** DATA EXTRACT **
··········
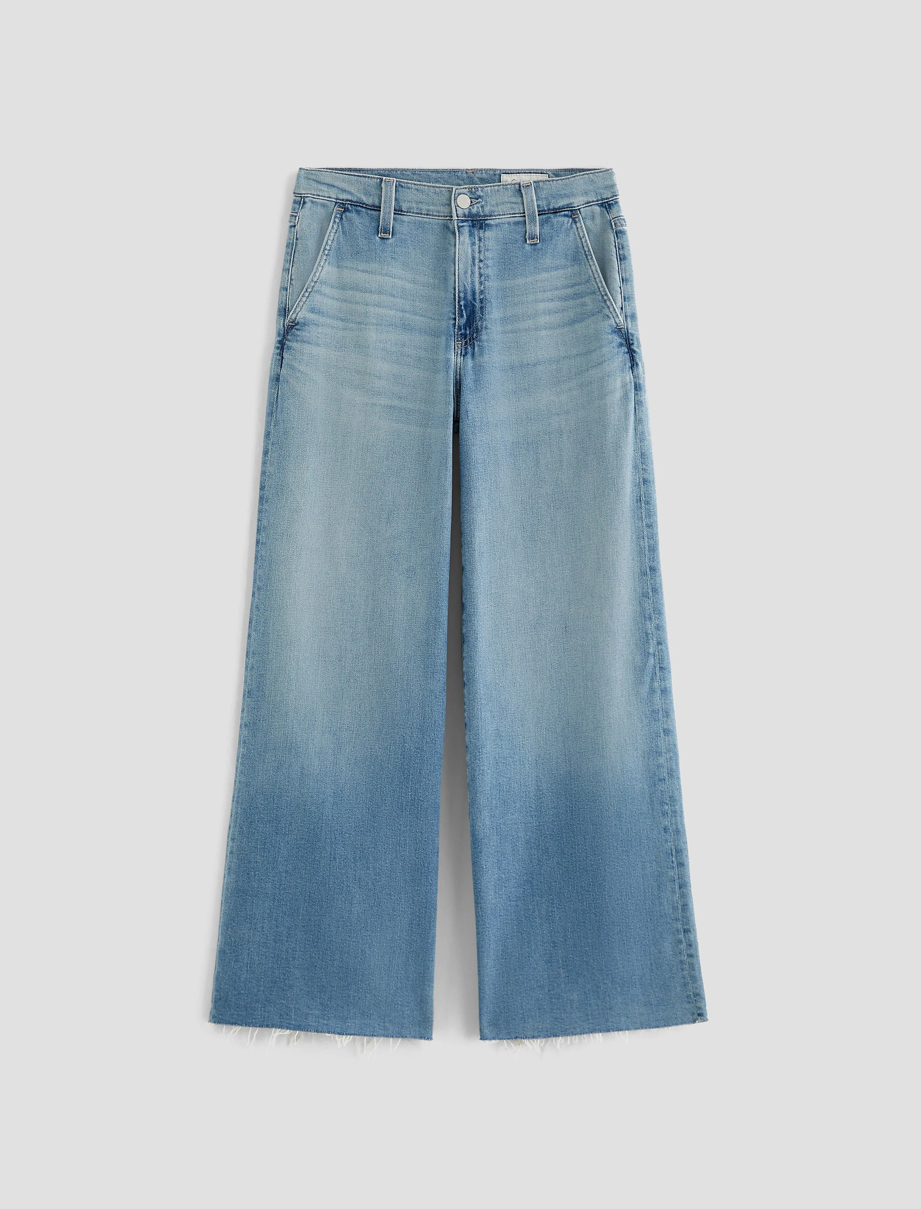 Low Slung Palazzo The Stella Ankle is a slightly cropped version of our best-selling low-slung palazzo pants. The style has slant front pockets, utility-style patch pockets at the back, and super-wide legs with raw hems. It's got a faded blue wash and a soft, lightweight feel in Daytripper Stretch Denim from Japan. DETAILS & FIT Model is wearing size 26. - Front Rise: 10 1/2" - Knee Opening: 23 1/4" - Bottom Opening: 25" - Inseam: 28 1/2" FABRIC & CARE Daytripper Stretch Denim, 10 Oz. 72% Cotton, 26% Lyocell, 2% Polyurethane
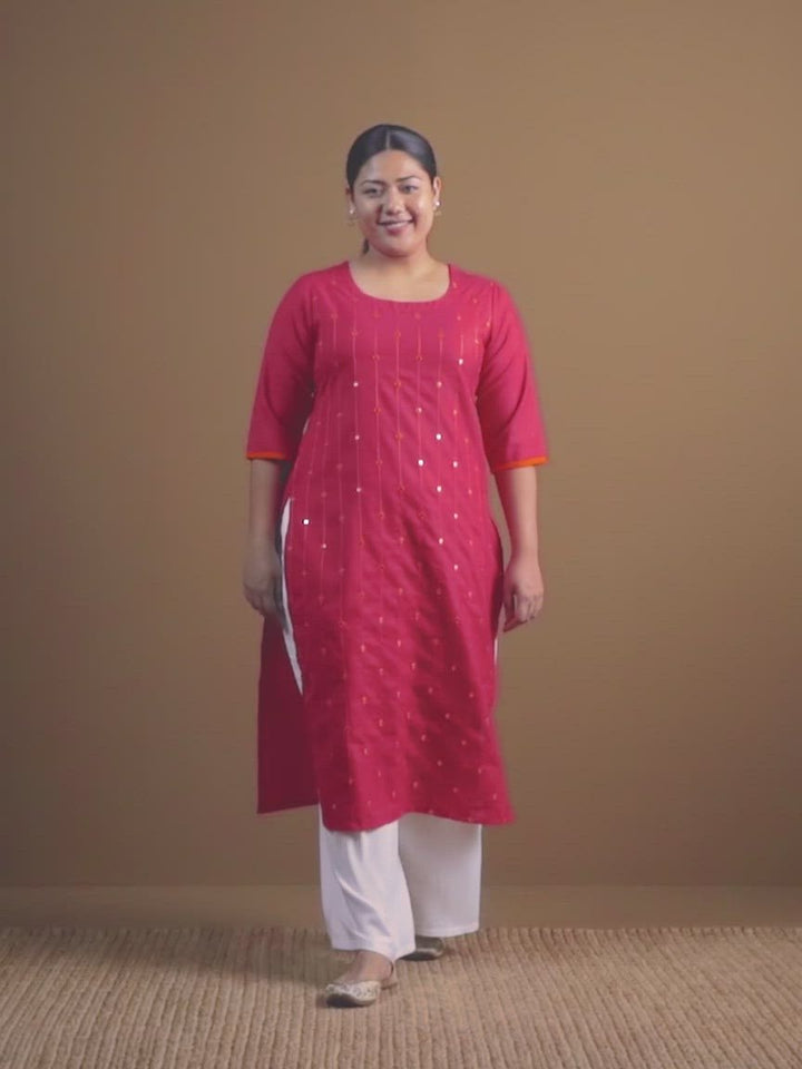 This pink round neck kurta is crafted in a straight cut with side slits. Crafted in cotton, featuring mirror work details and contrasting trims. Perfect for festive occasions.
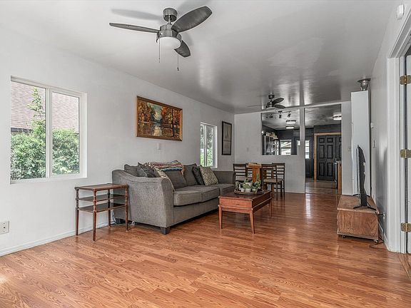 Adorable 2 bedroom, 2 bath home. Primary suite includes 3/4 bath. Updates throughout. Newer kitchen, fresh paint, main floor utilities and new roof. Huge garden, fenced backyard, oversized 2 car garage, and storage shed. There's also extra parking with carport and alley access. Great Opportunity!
··········
** WHAT THE TASK ASKS **
Print every line of the material above exactly as it reads, skipping the pictures.

** REPLY **
 Low Slung Palazzo The Stella Ankle is a slightly cropped version of our best-selling low-slung palazzo pants. The style has slant front pockets, utility-style patch pockets at the back, and super-wide legs with raw hems. It's got a faded blue wash and a soft, lightweight feel in Daytripper Stretch Denim from Japan. DETAILS & FIT Model is wearing size 26. - Front Rise: 10 1/2" - Knee Opening: 23 1/4" - Bottom Opening: 25" - Inseam: 28 1/2" FABRIC & CARE Daytripper Stretch Denim, 10 Oz. 72% Cotton, 26% Lyocell, 2% Polyurethane
 This pink round neck kurta is crafted in a straight cut with side slits. Crafted in cotton, featuring mirror work details and contrasting trims. Perfect for festive occasions.
 Adorable 2 bedroom, 2 bath home. Primary suite includes 3/4 bath. Updates throughout. Newer kitchen, fresh paint, main floor utilities and new roof. Huge garden, fenced backyard, oversized 2 car garage, and storage shed. There's also extra parking with carport and alley access. Great Opportunity!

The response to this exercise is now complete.